**What you should do**.
Consider the listing below. Extract exactly the lines from the line containing "Рис. 118. Врубка" to the line containing "Hình chạm khắc", both included.

**Excerpted data**.
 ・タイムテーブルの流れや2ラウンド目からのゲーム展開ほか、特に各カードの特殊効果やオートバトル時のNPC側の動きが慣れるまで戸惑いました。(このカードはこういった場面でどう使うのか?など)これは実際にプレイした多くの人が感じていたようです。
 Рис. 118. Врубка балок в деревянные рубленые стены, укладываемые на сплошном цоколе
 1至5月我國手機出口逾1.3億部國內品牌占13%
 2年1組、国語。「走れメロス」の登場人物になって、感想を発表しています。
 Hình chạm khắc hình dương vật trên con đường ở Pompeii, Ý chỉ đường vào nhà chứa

* * *

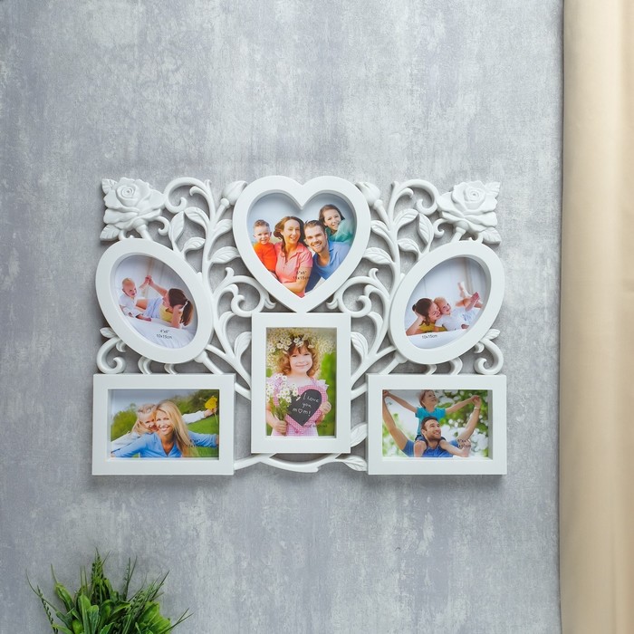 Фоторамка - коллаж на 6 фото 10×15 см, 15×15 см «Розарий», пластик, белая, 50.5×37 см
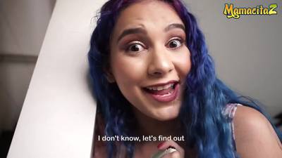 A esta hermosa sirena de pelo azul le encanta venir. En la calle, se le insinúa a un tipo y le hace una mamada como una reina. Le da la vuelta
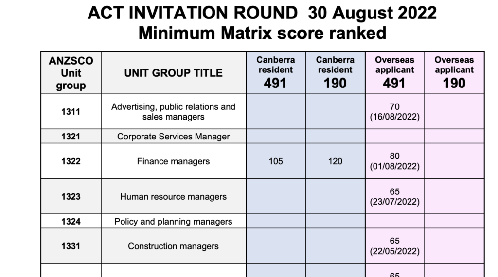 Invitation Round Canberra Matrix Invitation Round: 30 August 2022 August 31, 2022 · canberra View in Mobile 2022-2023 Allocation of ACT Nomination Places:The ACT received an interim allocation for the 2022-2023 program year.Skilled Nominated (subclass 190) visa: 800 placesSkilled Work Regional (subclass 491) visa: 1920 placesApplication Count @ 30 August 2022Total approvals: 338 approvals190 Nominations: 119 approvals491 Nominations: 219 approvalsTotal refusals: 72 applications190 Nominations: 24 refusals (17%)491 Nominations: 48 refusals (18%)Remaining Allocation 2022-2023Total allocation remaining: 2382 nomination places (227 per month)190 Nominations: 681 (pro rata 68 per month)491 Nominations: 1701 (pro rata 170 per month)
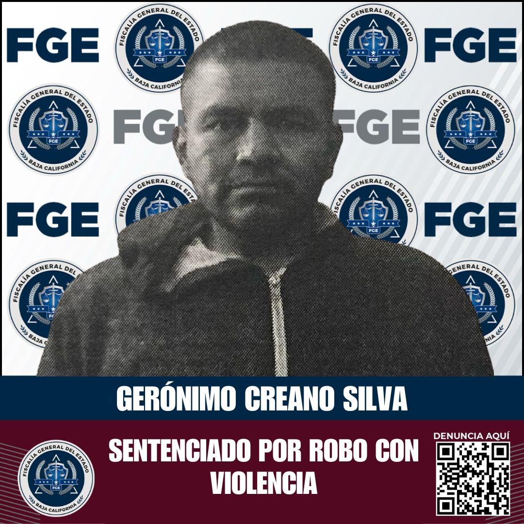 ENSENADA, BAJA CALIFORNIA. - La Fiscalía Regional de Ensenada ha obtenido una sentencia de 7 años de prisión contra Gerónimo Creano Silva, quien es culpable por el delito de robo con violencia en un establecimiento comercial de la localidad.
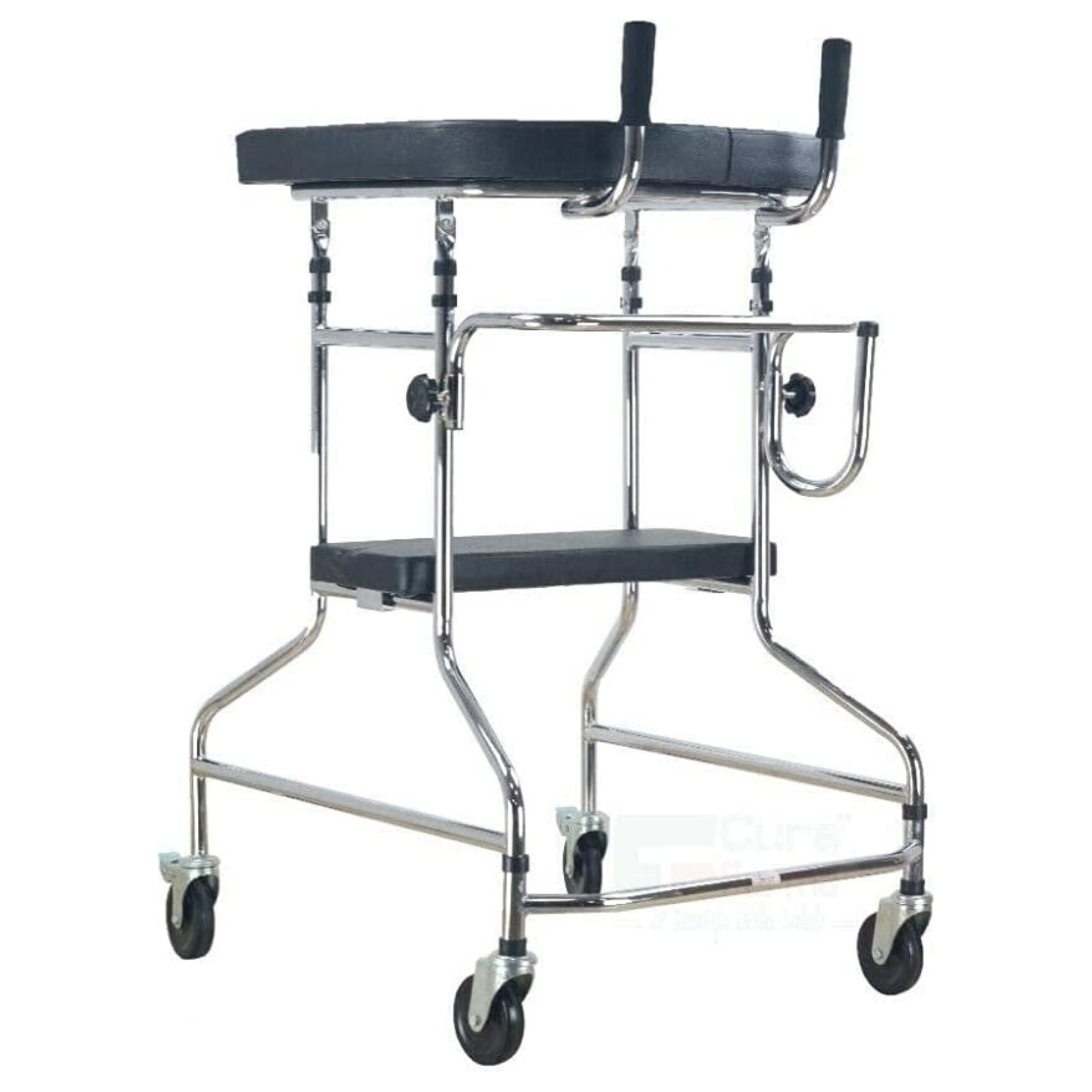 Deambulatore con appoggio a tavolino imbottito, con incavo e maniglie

...

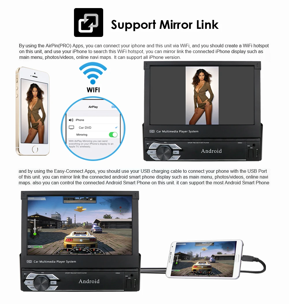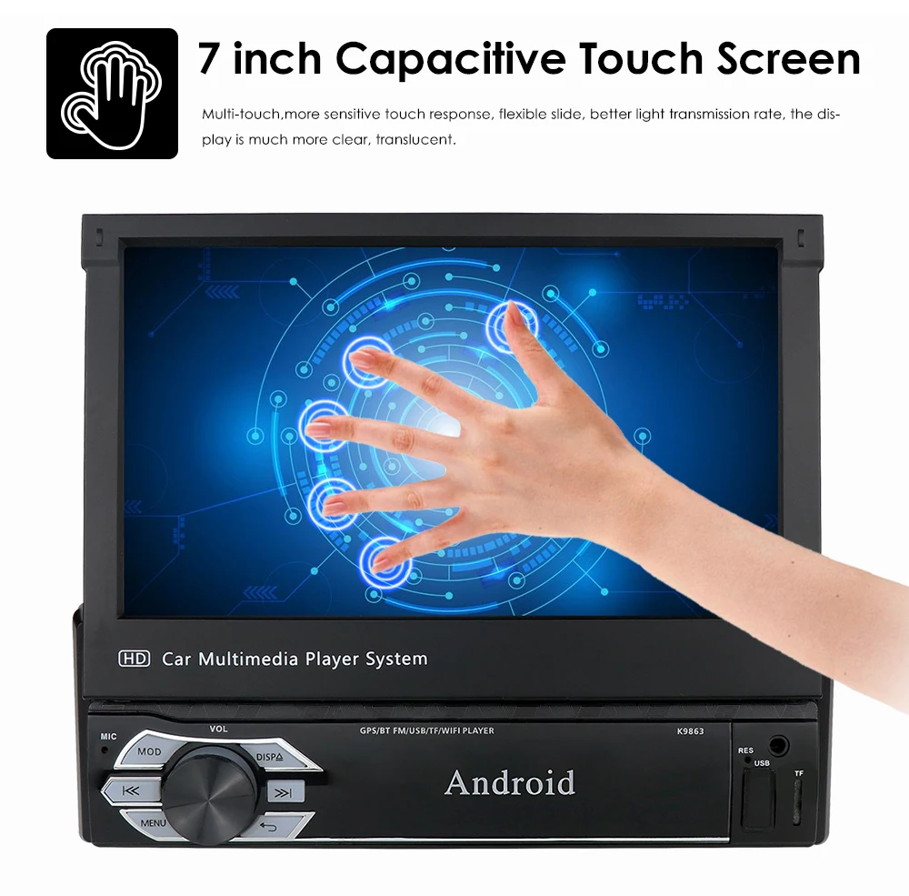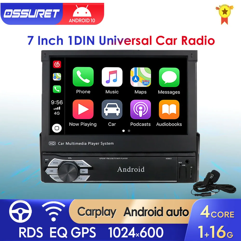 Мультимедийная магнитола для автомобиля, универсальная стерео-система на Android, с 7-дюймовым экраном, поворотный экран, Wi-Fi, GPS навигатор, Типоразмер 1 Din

**Output for this exercise**.
 Рис. 118. Врубка балок в деревянные рубленые стены, укладываемые на сплошном цоколе
 1至5月我國手機出口逾1.3億部國內品牌占13%
 2年1組、国語。「走れメロス」の登場人物になって、感想を発表しています。
 Hình chạm khắc hình dương vật trên con đường ở Pompeii, Ý chỉ đường vào nhà chứa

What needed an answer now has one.